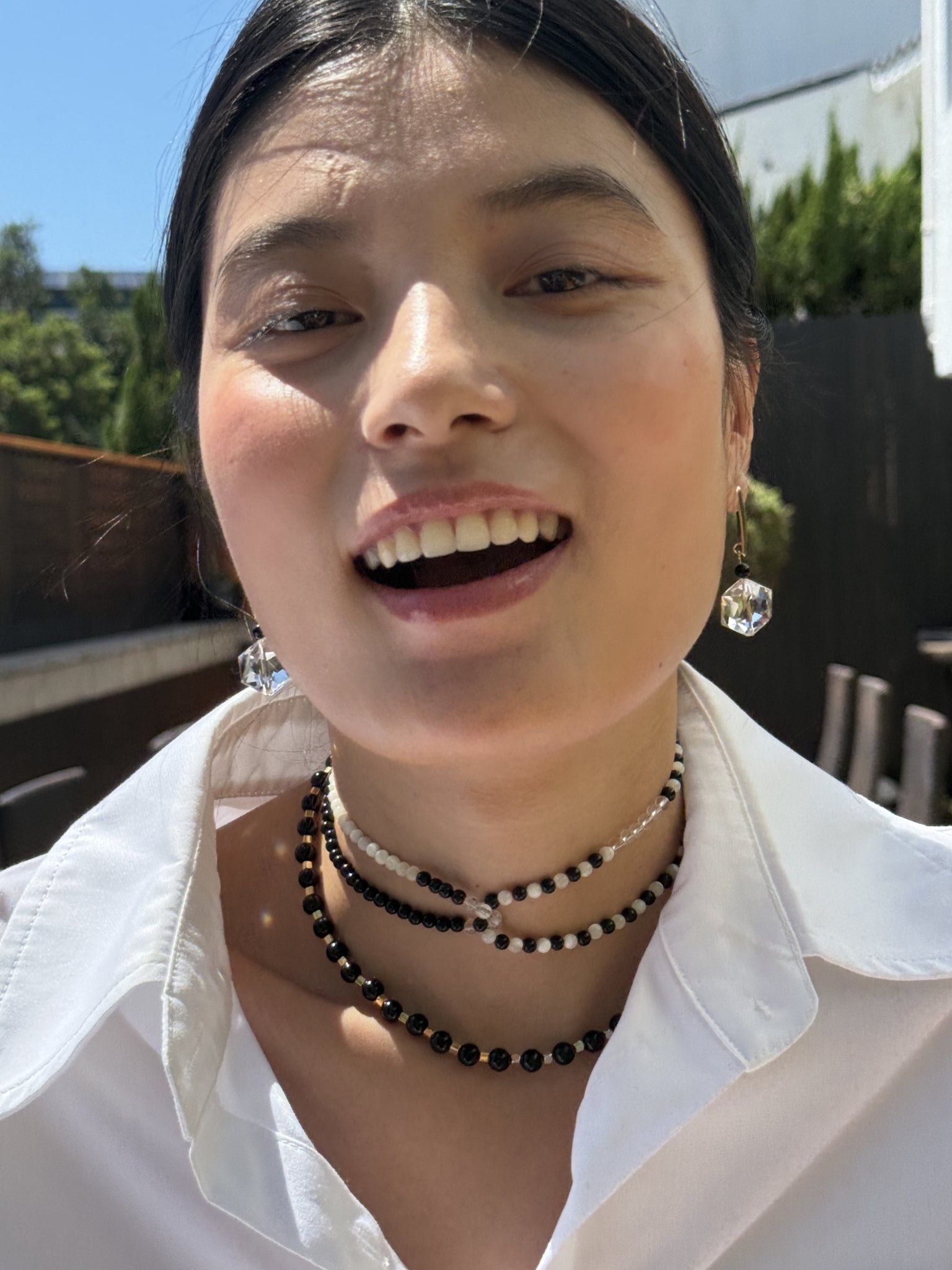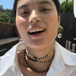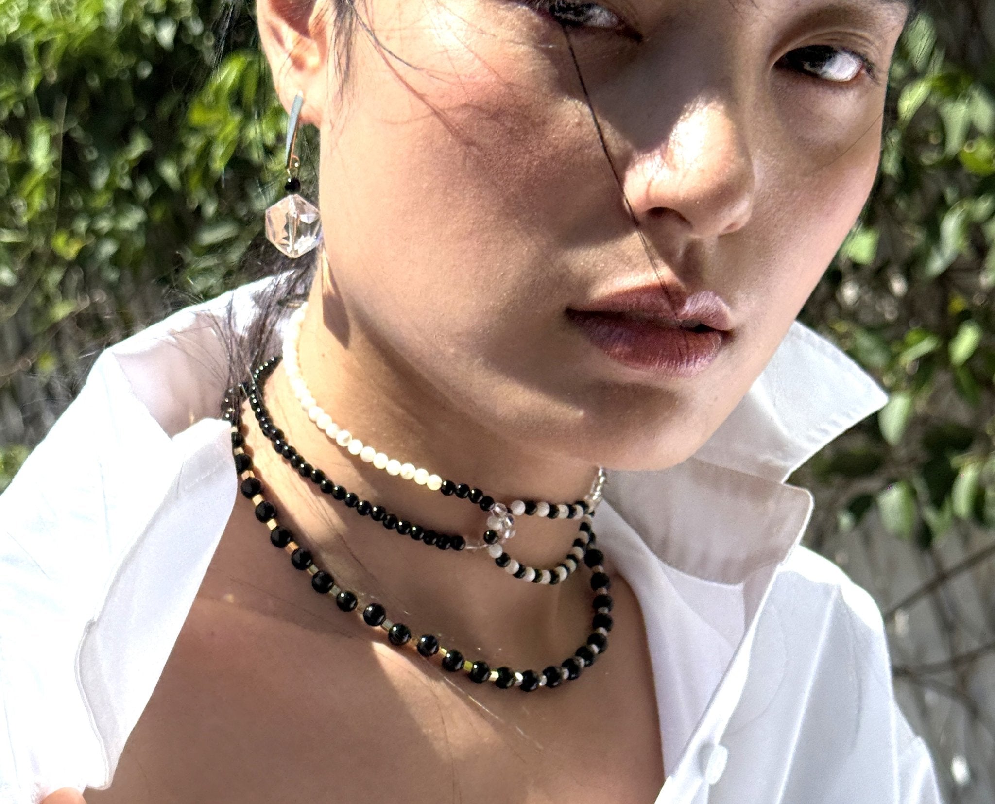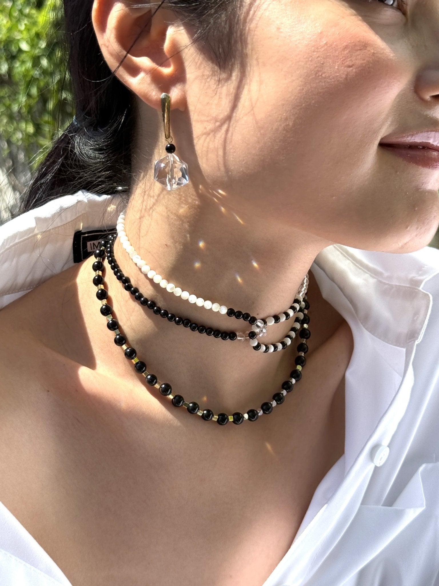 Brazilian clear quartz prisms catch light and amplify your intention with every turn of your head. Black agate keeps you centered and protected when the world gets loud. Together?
---
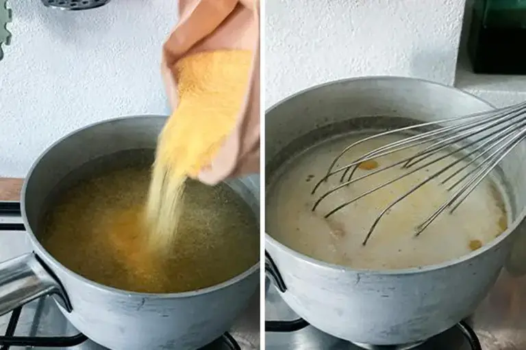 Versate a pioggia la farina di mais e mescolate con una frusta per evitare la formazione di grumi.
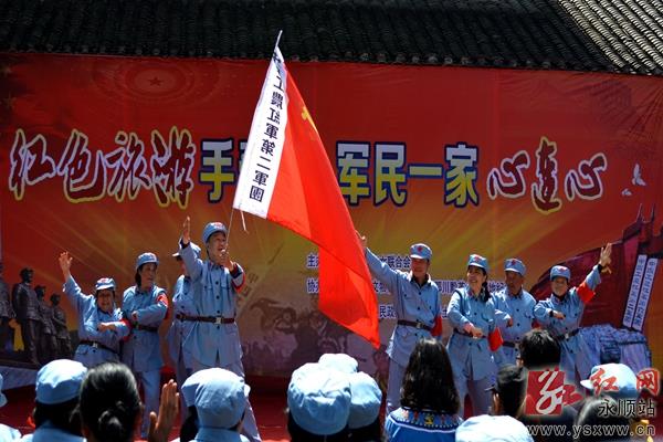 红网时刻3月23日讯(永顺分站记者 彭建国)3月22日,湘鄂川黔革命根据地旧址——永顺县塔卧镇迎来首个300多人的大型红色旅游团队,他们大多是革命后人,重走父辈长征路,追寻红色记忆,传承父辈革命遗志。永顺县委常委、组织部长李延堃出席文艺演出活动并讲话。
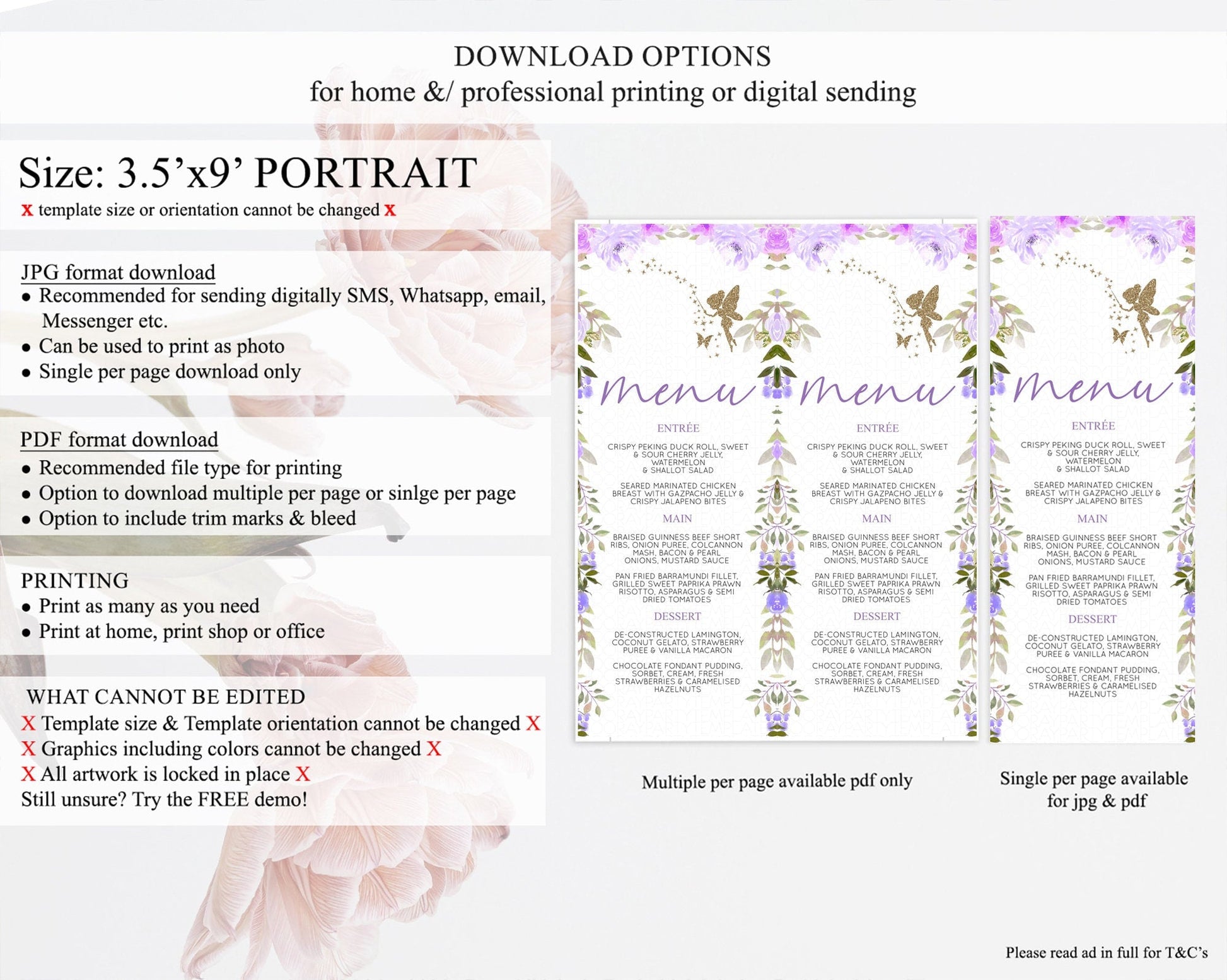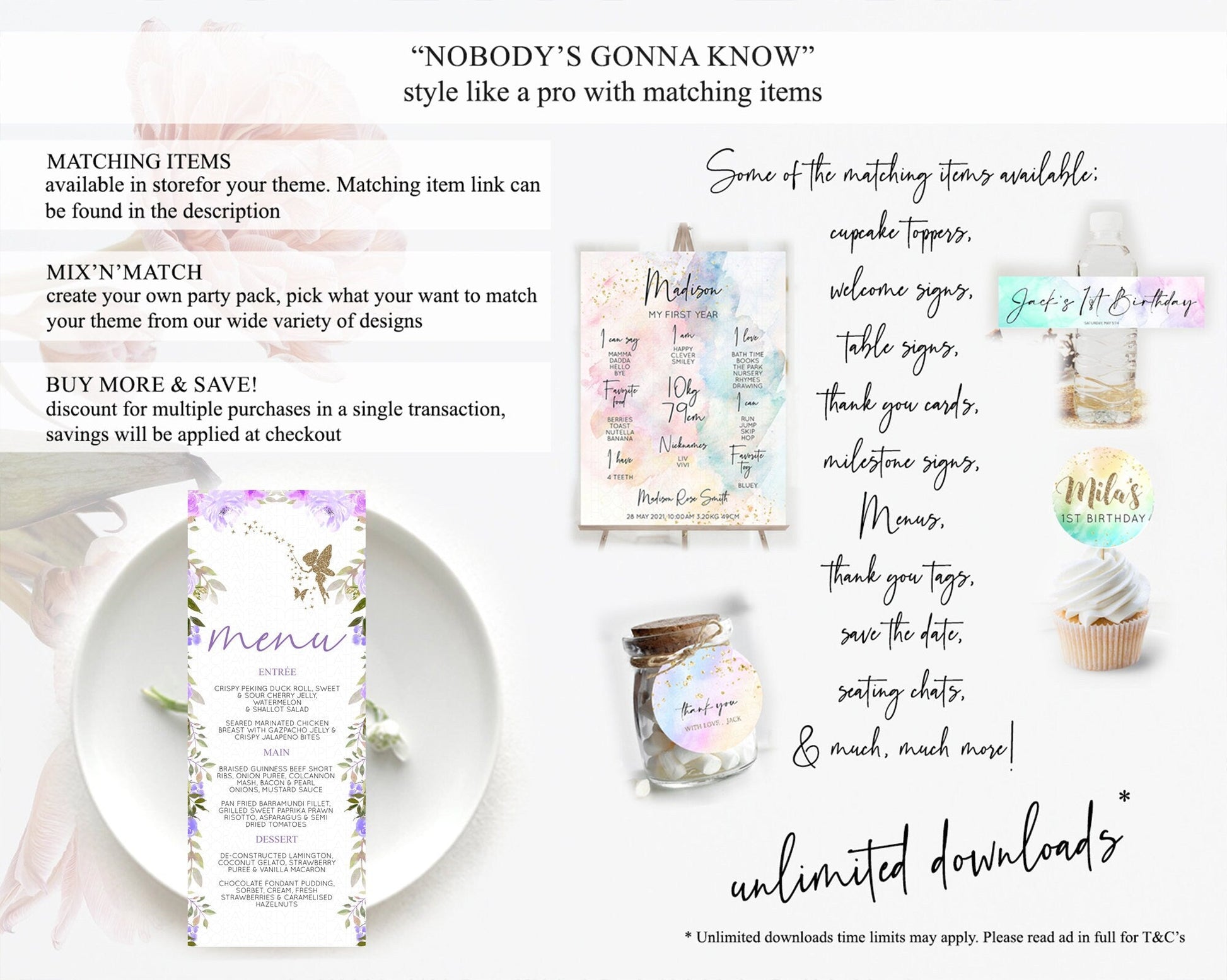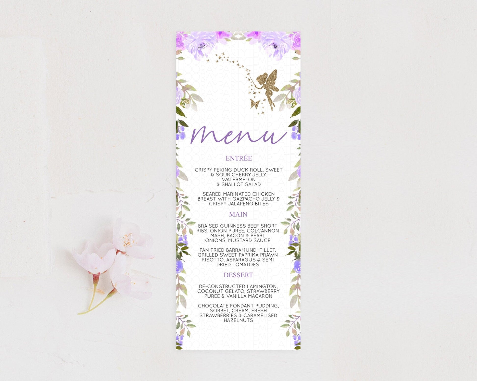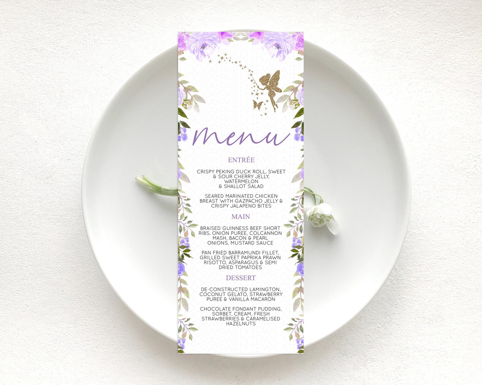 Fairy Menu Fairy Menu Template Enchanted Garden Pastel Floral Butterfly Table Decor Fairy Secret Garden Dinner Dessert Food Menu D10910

#### [BRIEF]
Give again, exactly as written above, every line from the one holding "红网时刻3月23日讯(永顺分" to the one holding "Fairy Menu Fairy", with both ends kept and the pictures left out.

#### [TASK RESULT]
 红网时刻3月23日讯(永顺分站记者 彭建国)3月22日,湘鄂川黔革命根据地旧址——永顺县塔卧镇迎来首个300多人的大型红色旅游团队,他们大多是革命后人,重走父辈长征路,追寻红色记忆,传承父辈革命遗志。永顺县委常委、组织部长李延堃出席文艺演出活动并讲话。
 Fairy Menu Fairy Menu Template Enchanted Garden Pastel Floral Butterfly Table Decor Fairy Secret Garden Dinner Dessert Food Menu D10910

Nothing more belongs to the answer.